Section titled “9. Why bother with genetic research if doctors already know about allergies?”Genetic research helps us understand the fundamental mechanisms behind immune regulation and predispositions to conditions like allergies and asthma, even beyond what we know about environmental triggers. By identifying specific genetic variants influencing eosinophil counts, researchers can develop a deeper understanding of these diseases and potentially lead to new, more targeted therapies that go beyond current treatments for your condition.
10. Do my diet or daily habits influence my eosinophil count?
Section titled “10. Do my diet or daily habits influence my eosinophil count?”Eosinophil counts are highly sensitive to various physiological and environmental factors, which can include allergic exposures from diet and other environmental influences. While genetics set a baseline, your daily habits and environment, including what you eat and your exposure to allergens, can definitely interact with your genetic predispositions to influence how your eosinophil levels fluctuate.

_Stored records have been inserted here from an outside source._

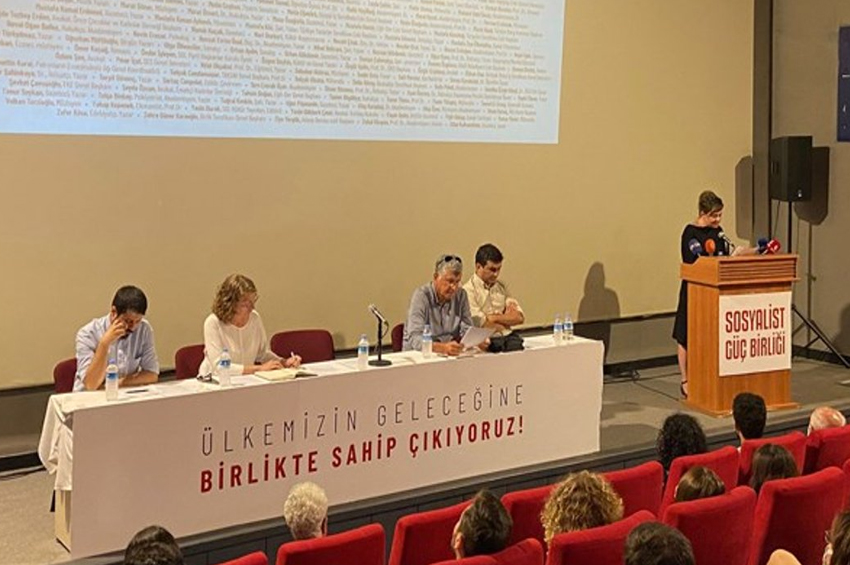 Prof. Dr. Gamze Yücesan Özdemir tarafından okunan bildiride, “Biz aşağıda imzası olanlar, bu bilinçle ülkemizin eşit, özgür ve bağımsız geleceği için birlikte hareket etmek, emekçi halkın hayati sorunlarının kaynağına karşı ortak bir mücadele geliştirmek üzere aşağıdaki temel mücadele hedefleri doğrultusunda bir araya geliyoruz. Tüm yurtsever insanlarımızı ülkemizin geleceğine birlikte sahip çıkmaya çağırıyoruz” denildi.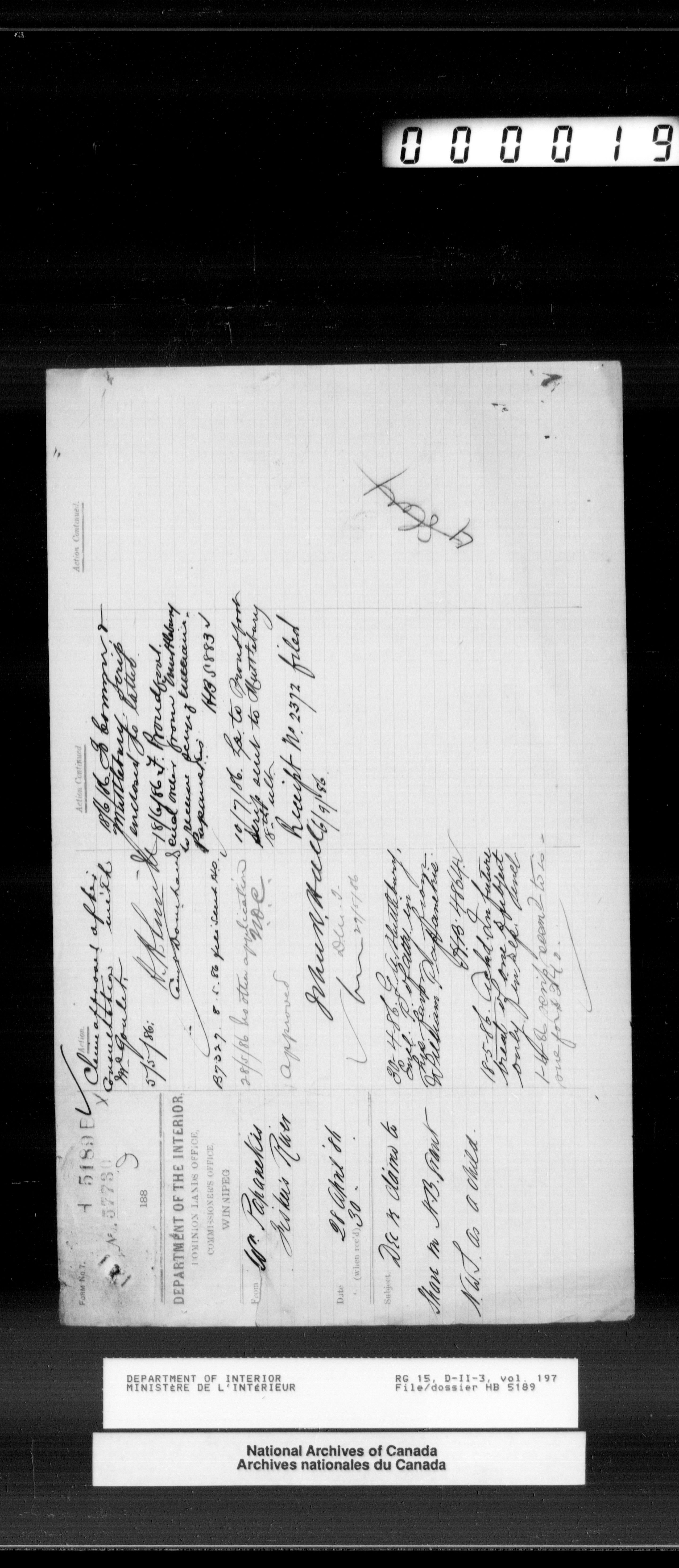 Dominion Lands Branch : Half-Breed files (1885-1887) - 12036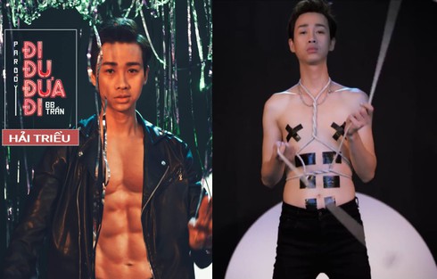 Hình ảnh body "2 thái cực" của Hải Triều trong và ngoài parody.Trong bản parody, BB Trần khẳng định Hải Triều "trai thẳng" 100%. |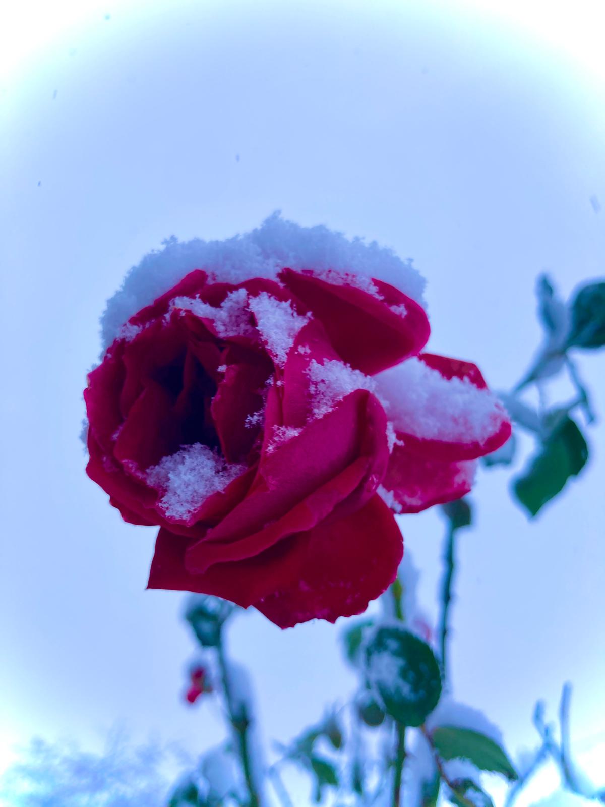 Een paar dagen later smelt de sneeuw. De roos staat er nog. Ze oogt sterk, fier zelfs. Maar wie dichterbij kijkt, ziet iets anders: beurse bladeren, geknakt door de kou. Ze heeft gevochten om te blijven bloeien. En niet lang daarna verwelkt ze alsnog. Te zwaar belast. Te lang volgehouden.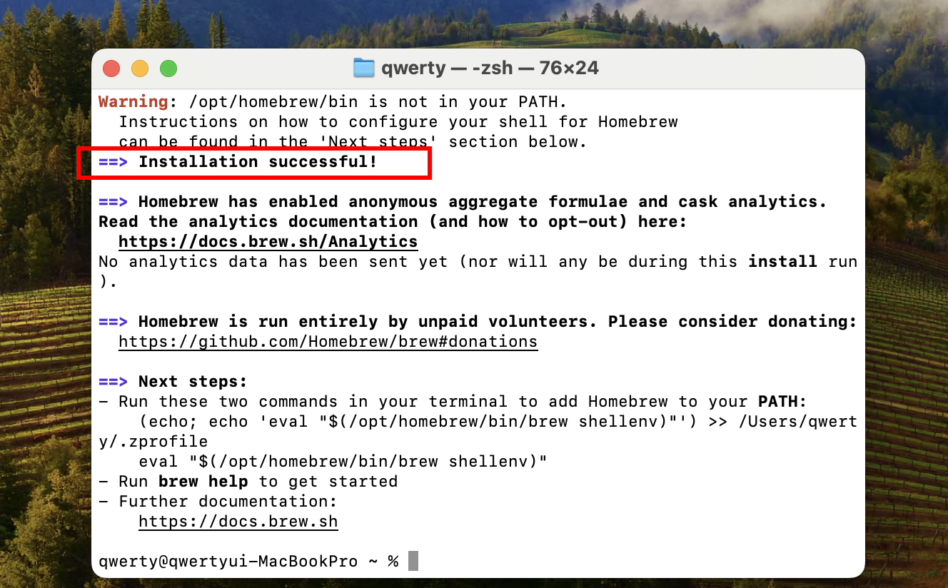 4)Homebrew 설치를 정상적으로 완료한것을 확인할수있습니다.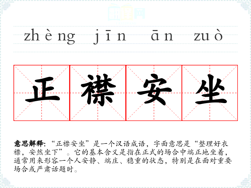 “正襟安坐”是一个汉语成语,字面意思是“整理好衣襟,安然坐下”。它的基本含义是指在正式的场合中端正地坐着,通常用来形容一个人安静、端庄、稳重的状态,特别是在面对重要场合或严肃话题时。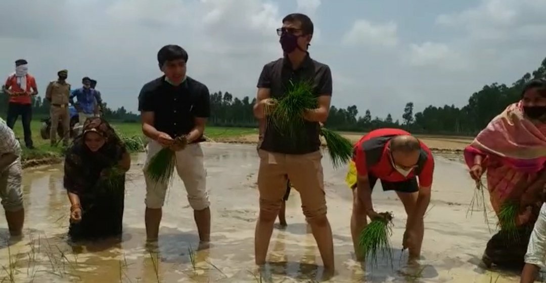 बाराबंकी। तहसील फतेहपुर के ग्राम टांड़पुर में राष्ट्रीय ग्रामीण आजीविका मिशन फतेहपुर मे महिला स्वयं सहायता समूहों द्वारा किये जा रहे कार्यो का अवलोकन करते हुए समूहों द्वारा की जा रही धान की रोपाई में साकेन्द्र वर्मा विधायक कुर्सी, जिलाधिकारी, मुख्य विकास अधिकारी, उपजिलाधिकारी फतेहपुर व अन्य अधिकारियों के साथ सहभागिता कर समूहों को जानकारी निर्देश दिये गए।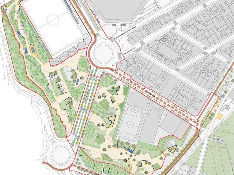 El resto de espacios del parque, a desarrollar en fases posteriores, mantienen la preexistencia de las antiguas cuevas, recuperando la memoria patrimonial del pueblo e integrándola en el nuevo jardín, donde además se fomentan los usos colectivos y de recreo, con zonas de juego, biosaludables, o deportivas. Así, sobre el espacio de detrás del velódromo, en la calle Cocentaina, se ubicará el nuevo campo de fútbol y albergará también zonas de escalada y otras instalaciones deportivas.
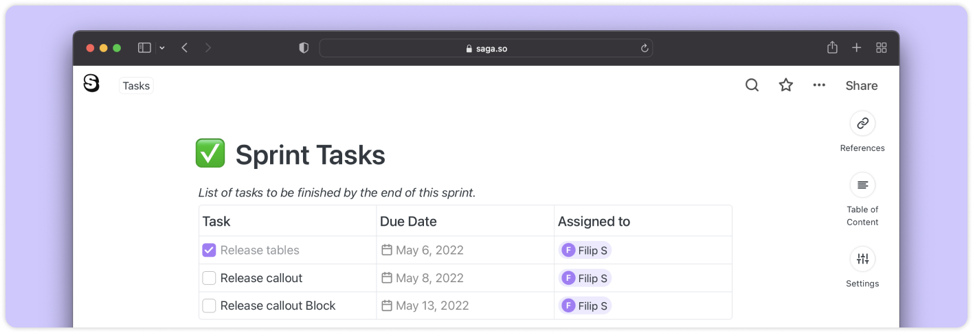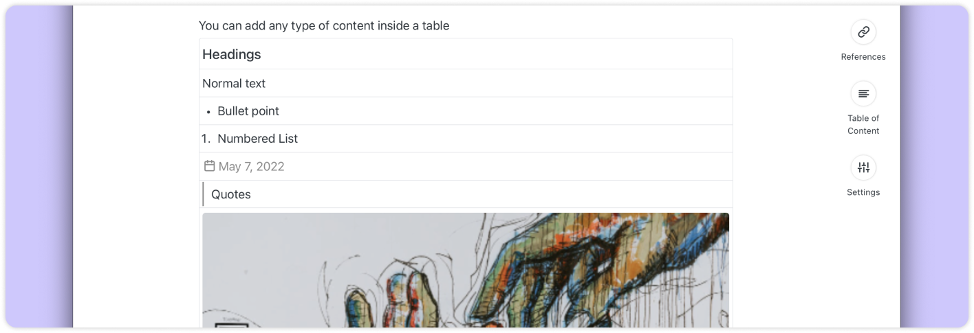 Las tablas de Saga son flexibles y puedes añadir texto simple, así como encabezados, listas, imágenes, enlaces, fechas, bloques activos, bloques de código y cualquier otro tipo de contenido dentro de una tabla.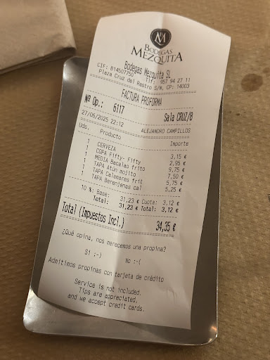 Read moreThere are, I think, three Bodegas Mezquita restaurants. My favorite is the one on Calle Cruz del Rastro: it is further away from the Mezquita, and therefore from the large volumes of night revelers :-)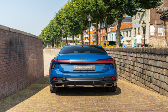 De Audi A6 Limousine e-hybrid quattro heeft een unieke lichtsignatuur die hem dag en nacht direct herkenbaar maakt. De slanke koplampen en de doorlopende LED-lichtstrip achter benadrukken de breedte en geven een moderne, sportieve uitstraling.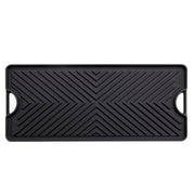 This Cast Iron Griddle Plate is reversible and versatile. Griddle on one side and a grill on the other. One side is perfect for bacon, eggs and pancakes. The other side is perfect steak, ribs and chicken.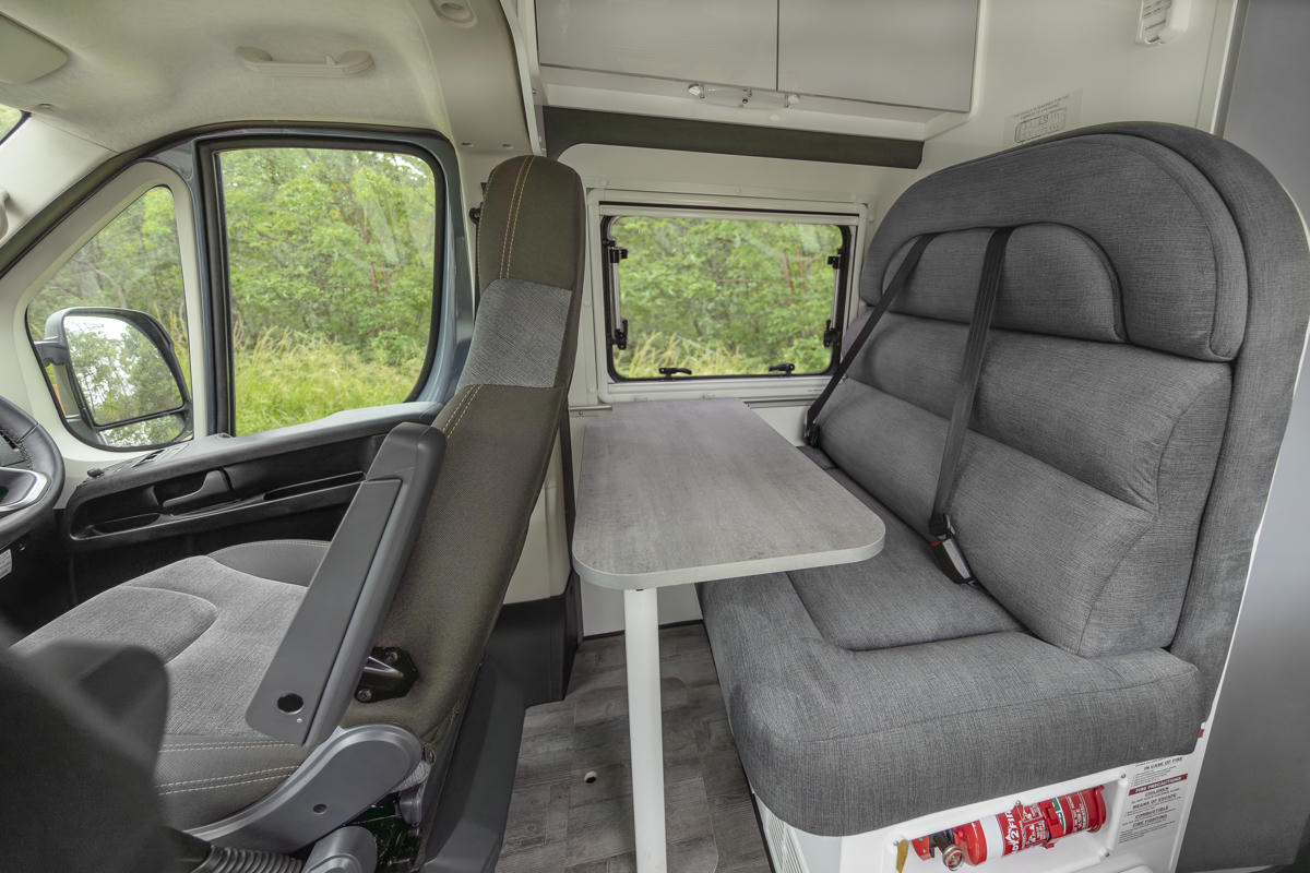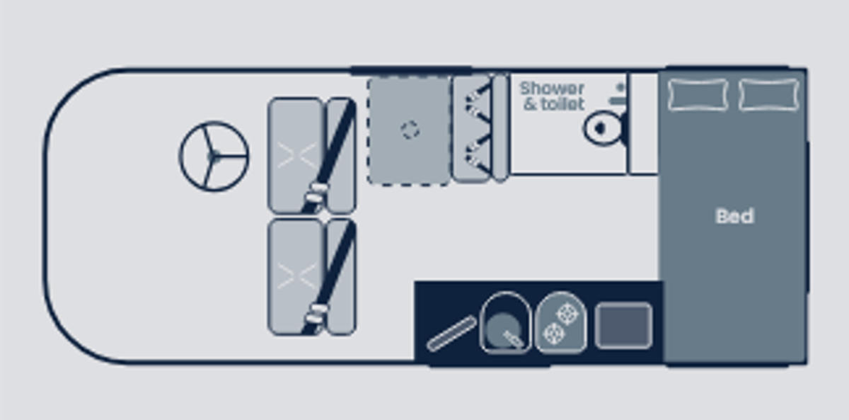 Die gut ausgestattete und schön gestaltete Küche und das Badezimmer mit WC und Dusche (self contained) bieten sehr moderne Annehmlichkeiten für die Reise. Der Polaris 2 zeichnet sich durch ein tolles Design aus und bietet mit seinen großen Fenstern einen schönen Blick auf die Natur während der Fahrt. Für eine erholsame Nachtruhe könnt Ihr die Fensterblenden komplett schließen, um Privatsphäre und Dunkelheit (deutlich besser als mit Gardinen!) zu gewährleisten.

This FAQ was automatically generated based on current genetic research and may be updated as new information becomes available.
Disclaimer: This information is for educational purposes only and should not be used as a substitute for professional medical advice. Always consult with a healthcare provider for personalized medical guidance.
References
Section titled “References”[1] Okada, Y. “Identification of nine novel loci associated with white blood cell subtypes in a Japanese population.” PLoS Genet, 2011.
[2] Nalls, M. A. et al. “Multiple loci are associated with white blood cell phenotypes.” PLoS Genetics, vol. 7, no. 6, 2011, e1002113.
[3] Gudbjartsson, Daniel F., et al. “Sequence Variants Affecting Eosinophil Numbers Associate with Asthma and Myocardial Infarction.”Nature Genetics, vol. 41, no. 3, 2009, pp. 342–347.
[4] Comuzzie, Anthony G. et al. “Novel genetic loci identified for the pathophysiology of childhood obesity in the Hispanic population.”PLoS One, vol. 7, no. 12, 2012, e51954.
[5] Cusanovich, Daniel A., et al. “The combination of a genome-wide association study of lymphocyte count and analysis of gene expression data reveals novel asthma candidate genes.”Human Molecular Genetics, vol. 21, no. 8, 2012, pp. 1656-64.
[6] Crosslin, David R. et al. “Genetic variants associated with the white blood cell count in 13,923 subjects in the eMERGE Network.” Human Genetics, 2011.